4. Trials make us more like Jesus.
When Joseph’s brothers intended evil toward him, “God meant it for good,” to keep many people alive in famine (Gen. 50:20). Our redeeming God—who worked out our salvation through Jesus’s painful sacrifice on the cross—continues to work all things, including our trials, for the “good of those who love him” (Rom. 8:28–29). One good thing God does through hardship is make us more like Jesus, who “learned obedience through what he suffered” (Heb. 5:8).
5. Trials equip us to comfort others.
In our trials, God means to comfort us so abundantly that we overflow with compassionate care for others. Paul writes that God “comforts us in all our affliction, so that we may be able to comfort those who are in affliction” (2 Cor. 1:4). It’s God’s intention that we be conduits of his comfort to suffering family, friends, and neighbors. Our experience of trials helps us understand what others might feel and need, and our experience of God’s comfort equips us to come alongside them to pray and serve in a gentle manner.

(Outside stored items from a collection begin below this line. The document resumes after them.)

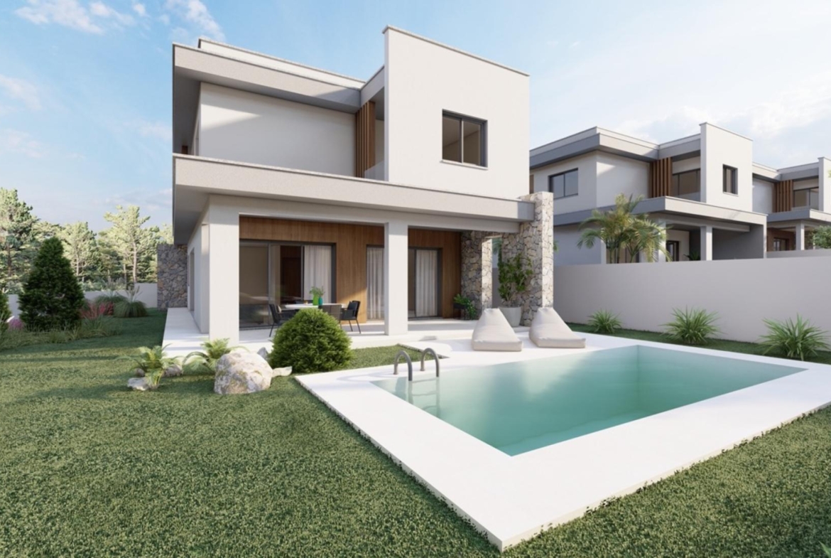 Set amidst the peaceful ambiance of pine trees and overlooking the Akrotiri Coastline, this house in Souni offers rural tranquility while remaining just a 10 minute drive from Limassol’s lively city center. Drawing inspiration from Mediterranean architecture, these villas are situated on expansive plots and delightful barbecue spaces, harmonizing a serene escape with contemporary comforts.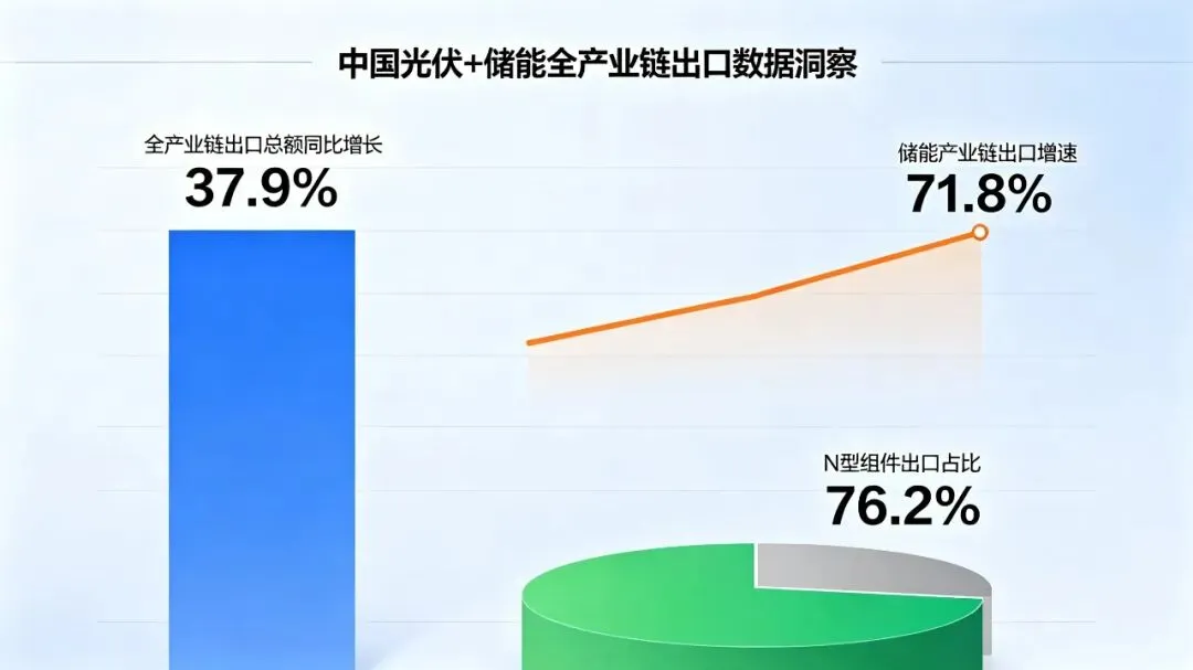 这股火爆势头并非偶然,行业数据与最新政策早已给出答案。2026年一季度,中国光伏+储能全产业链出口总额同比增长37.9%,其中储能产业链出口增速高达71.8%,N型组件出口占比达76.2%,高端产品已成为出口增长的核心引擎。而广交会光伏储能专区的设立,恰好搭建起中国光储企业与全球市场对接的“桥梁”——既助力企业避开贸易壁垒、拓宽出海渠道,也让全球采购商直观感受到中国光储产业的全链条优势,实现双向赋能。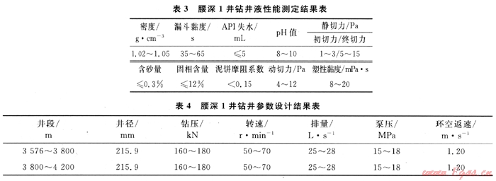 從腰深1井鄰井DB2井和DB11井情況來看:①DB2井在鉆進至嫩江組、姚家組地層時,出現(xiàn)垮塌掉塊現(xiàn)象;②DB11井鉆進至4002.07m時出現(xiàn)井內(nèi)垮塌現(xiàn)象,經(jīng)調(diào)整鉆井液性能后返出大量巖屑,井下才恢復(fù)正常。從腰深1井地層巖性預(yù)測結(jié)果可知,欠平衡鉆井井段存在泥巖層,易吸水膨脹而產(chǎn)生剝落掉塊、垮塌。從鄰井分析和腰深1井巖性預(yù)測均表明,在欠平衡井段應(yīng)選用防塌性能好的鉆井液體系,為此決定采用聚合醇抑制型防塌鉆井液體系。

6. Trials prepare an eternal weight of glory.
Maybe we can’t see what our trials are doing, but they’re working. Each “light momentary affliction is preparing for us an eternal weight of glory beyond all comparison” when we look to what is unseen (2 Cor. 4:17–18). Each car ride to the treatment center. Each pile of paperwork and signed check. Each sleepless night spent caring for sick children. Given to him, it’s all significant in the kingdom of heaven.
7. Trials remind us that earth isn’t our true home.
In loneliness, we yearn for God’s presence. Tears stir our hearts for a place with no “mourning, nor crying, nor pain anymore” (Rev. 21:4). Sick bodies wait eagerly for new ones. Death makes us long for resurrection. These trials remind us that earth isn’t our true home. They increase our hunger for heaven.
8. Trials test and strengthen our faith.
Trials prove the genuineness of our faith, which fills our hearts with joyful assurance of salvation and results “in praise and glory and honor at the revelation of Jesus Christ” (1 Pet. 1:7). This strengthening of faith motivates us to “lay aside every weight, and sin which clings so closely, and . . . run with endurance the race that is set before us, looking to Jesus, . . . who for the joy set before him endured the cross” (Heb. 12:1–2).
God Is Doing Something Through Your Trials
Even knowing the good that comes through trials, I doubt we would intentionally choose suffering for ourselves or our loved ones. But God is wiser than we are. His ways are higher than our ways (Isa. 55:9), and he uses trials for both his seen and unseen purposes in our lives.
You may not know what God is doing in a particular trial, but given the many options presented in Scripture, you can know he’s doing something. Given how much he loves you, you can know it’s for your eternal good. That is a reason for great rejoicing.